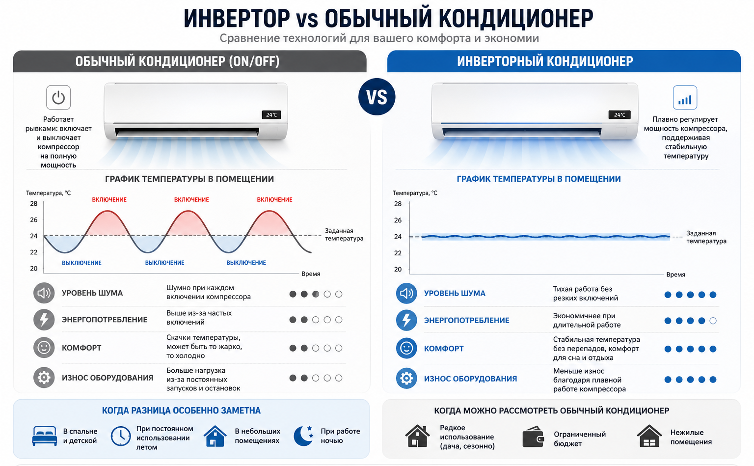 Обычная модель может быть дешевле при покупке. Но если кондиционер будет работать часто, особенно летом каждый день, инвертор обычно комфортнее и выгоднее в эксплуатации.
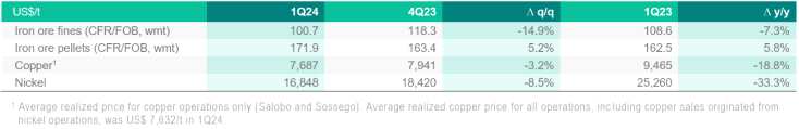 2024年第一季度,鎳產(chǎn)量為3.95萬噸,同比下降4%,主要系昂薩布瑪(Onça Puma)熔爐重建所致,加拿大和印度尼西亞運(yùn)營(yíng)區(qū)業(yè)績(jī)提升部分抵消了這部分影響。
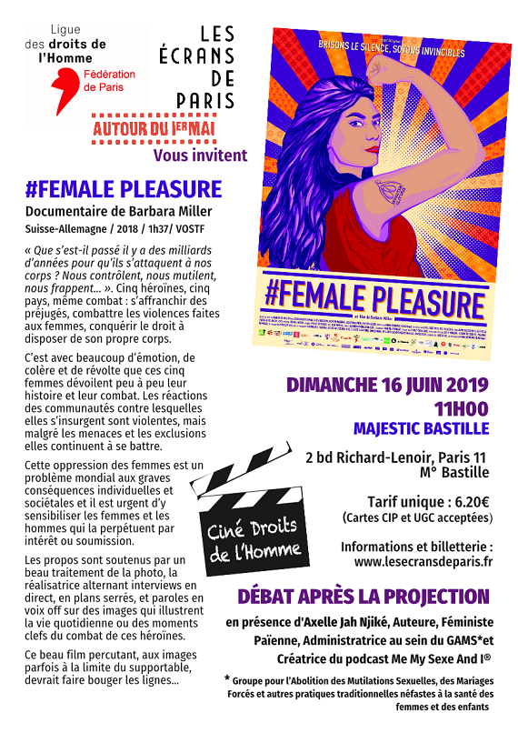 La fédération de Paris de la Ligue des Droits de l’Homme et Autour du 1er mai, avec les Écrans de Paris, vous invitent à une projection rencontre exceptionnelle autour du film #Female pleasure, de Barbara Miller, dans le cadre des Ciné-Droits de l’Homme.
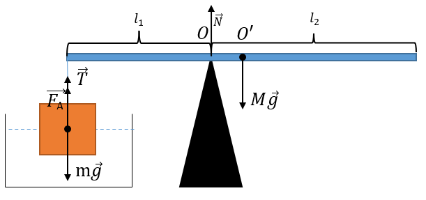 Центр масс коромысла точка \(O'\) находится на расстоянии \(\displaystyle\frac{l_1+l_2}2\) от краев и на \(\displaystyle\frac{l_2-l_1}2\) от точки подвеса куба.
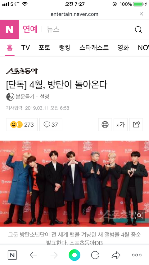 방탄 노래는 믿듣, 무대보는 맛 있어서 기달리게 되더라 이번에는 앨범도 예판으로 살려고.. 매번 노래 듣고 나서 전곡 좋으면 사는데 그게 대부분 방탄였어
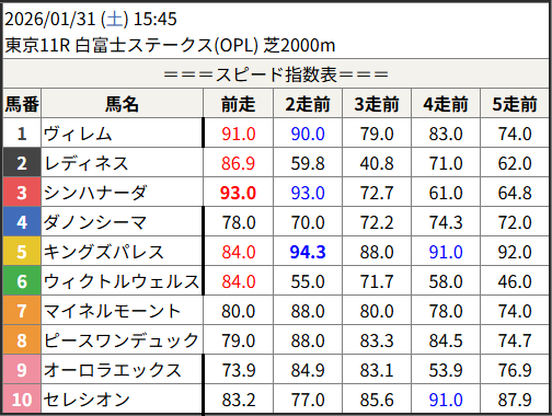 Home / 予想データ / 2026/01/31 スピード指数表スピード指数予想データ2026/01/31 スピード指数表による shunrai コメントはまだありません2026年1月30日 19:20 ※見解・買い目はこちらを参照ください。 東京 京都 小倉 佐賀 共有: X で共有 (新しいウィンドウで開きます) X 友達にメールでリンクを送信 (新しいウィンドウで開きます) メールアドレス Facebook で共有 (新しいウィンドウで開きます) Facebook いいね:いいね 読み込み中…Share ArticlePrevious Article2026/01/30 次走好走馬の目立つ組出身Next Article2026/01/31 次走好走馬の目立つ組出身shunraiRelated Posts 2026/02/13 スピード指数表 2026年2月12日 2026/02/12 スピード指数表 2026年2月12日 2026/02/11 スピード指数表 2026年2月11日コメントを残す コメントをキャンセルメールアドレスが公開されることはありません。 ※ が付いている欄は必須項目ですコメント名前 メール サイト 次回のコメントで使用するためブラウザーに自分の名前、メールアドレス、サイトを保存する。 Δ
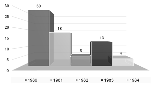 Un primer análisis, con recorrido cronológico entre 1980 y 1984, permite identificar la presencia de 38 notas, 6 editoriales, 4 entrevistas, 19 recuadros,9 2 pósters/solicitadas y 2 cartas abiertas.10
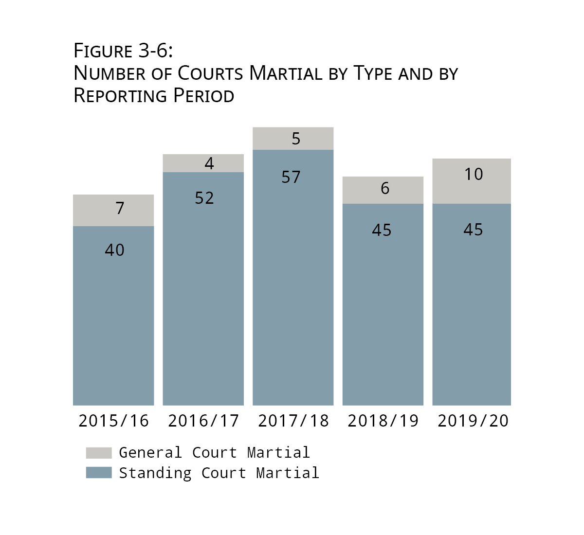 A total of 55 courts martial were completed during this reporting period.Footnote 23 Of those, 45 were SCMs and 10 were GCMs. This is consistent with the historical average of courts martial for the past five years (54). In this reporting period, there was a slight increase in the number of GCMs in comparison to the average number of GCMs for the past five reporting periods (6). A complete picture of the number of courts martial for the last five reporting periods, by type, can be found at Figure 3-6.
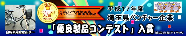| アイテック自転車用傘ホルダーは、製品自体の利便性と、普段目立ちにくい構造、コンパクトなパッケージ等が評価され「平成17年度ベンチャー企業優良製品コンテスト」で入賞しました。 |
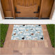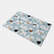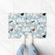 Cute bichon frise dogs in sweaters and bows with scattered dog bones and paw prints on a light blue background.
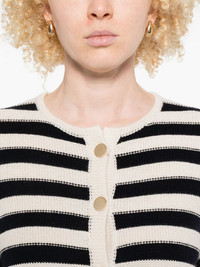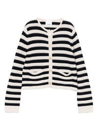 striped button cardigan Highlights - Off-white - Black stripes - Button front - Patch pockets - Long sleeves - Ribbed cuffs Imported Composition Wool 70%, Cashmere 30% SIZE & FIT Model measurements Height 5 ft 9 in(1.75 m) Bust/Chest 34.64 in(88 cm) Hips 36.61 in(93 cm) Waist 26.37 in(67 cm) Washing instructions Read Manufacturer Guidelines
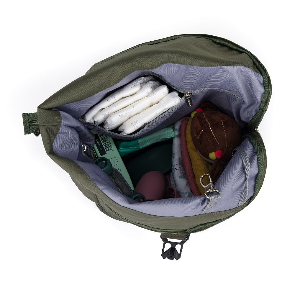 Tento pohodlný a organizačně promyšlený batoh je vyroben z kvalitních materiálů odolných vůči vlhkosti. Má boční popruhy pro připevnění ke kočárku a hlavní prostor se zapíná na zip, který přechází přes vrch a bok batohu. Díky tomu se batoh otevírá dokořán a vy si můžete důkladně prohlédnout obsah a pohodlně sáhnout po předmětu, dokonce i hluboce ukrytém. Kromě toho má horní část batohu rolovací zapínání s magnetickou přezkou, které kombinuje výhody tradičních uzavíracích mechanismů s moderní magnetickou technologií. Přezka patentovaná Fidlockem funguje na principu přitahování magnetů, díky čemuž je její ovládání mimořádně intuitivní a rychlé. Otevírá se jednoduše potažením za přezku z nerezavějící oceli. Jednoduché a bezpečné řešení umožňuje rychlý přístup k obsahu batohu bez potřeby síly. Chcete-li přezku zapnout, jednoduše spojte dvě části k sobě. Silné magnety automaticky zapadnou do spony a zajistí pevné a bezpečné zapínání.
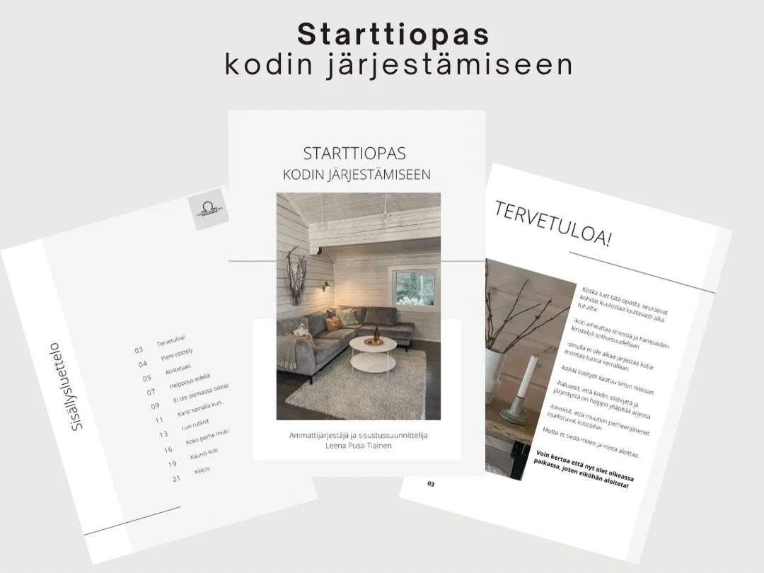 Opas sisältää eri osioita ja niissä kaikissa on tehtäviä, jotka helpottaa aloittamista ja vie sinua selkeästi eteenpäin oman kodin järjestämisessä!

◇ ◇ ◇ ◇ ◇

__Required work__:
The lines to set down run from the line with "Un primer análisis, con" up to and including the line with "Cute bichon frise" in the entries above. Reproduce them exactly, with no pictures.

__Task output__:
 Un primer análisis, con recorrido cronológico entre 1980 y 1984, permite identificar la presencia de 38 notas, 6 editoriales, 4 entrevistas, 19 recuadros,9 2 pósters/solicitadas y 2 cartas abiertas.10
 A total of 55 courts martial were completed during this reporting period.Footnote 23 Of those, 45 were SCMs and 10 were GCMs. This is consistent with the historical average of courts martial for the past five years (54). In this reporting period, there was a slight increase in the number of GCMs in comparison to the average number of GCMs for the past five reporting periods (6). A complete picture of the number of courts martial for the last five reporting periods, by type, can be found at Figure 3-6.
| アイテック自転車用傘ホルダーは、製品自体の利便性と、普段目立ちにくい構造、コンパクトなパッケージ等が評価され「平成17年度ベンチャー企業優良製品コンテスト」で入賞しました。 |
 Cute bichon frise dogs in sweaters and bows with scattered dog bones and paw prints on a light blue background.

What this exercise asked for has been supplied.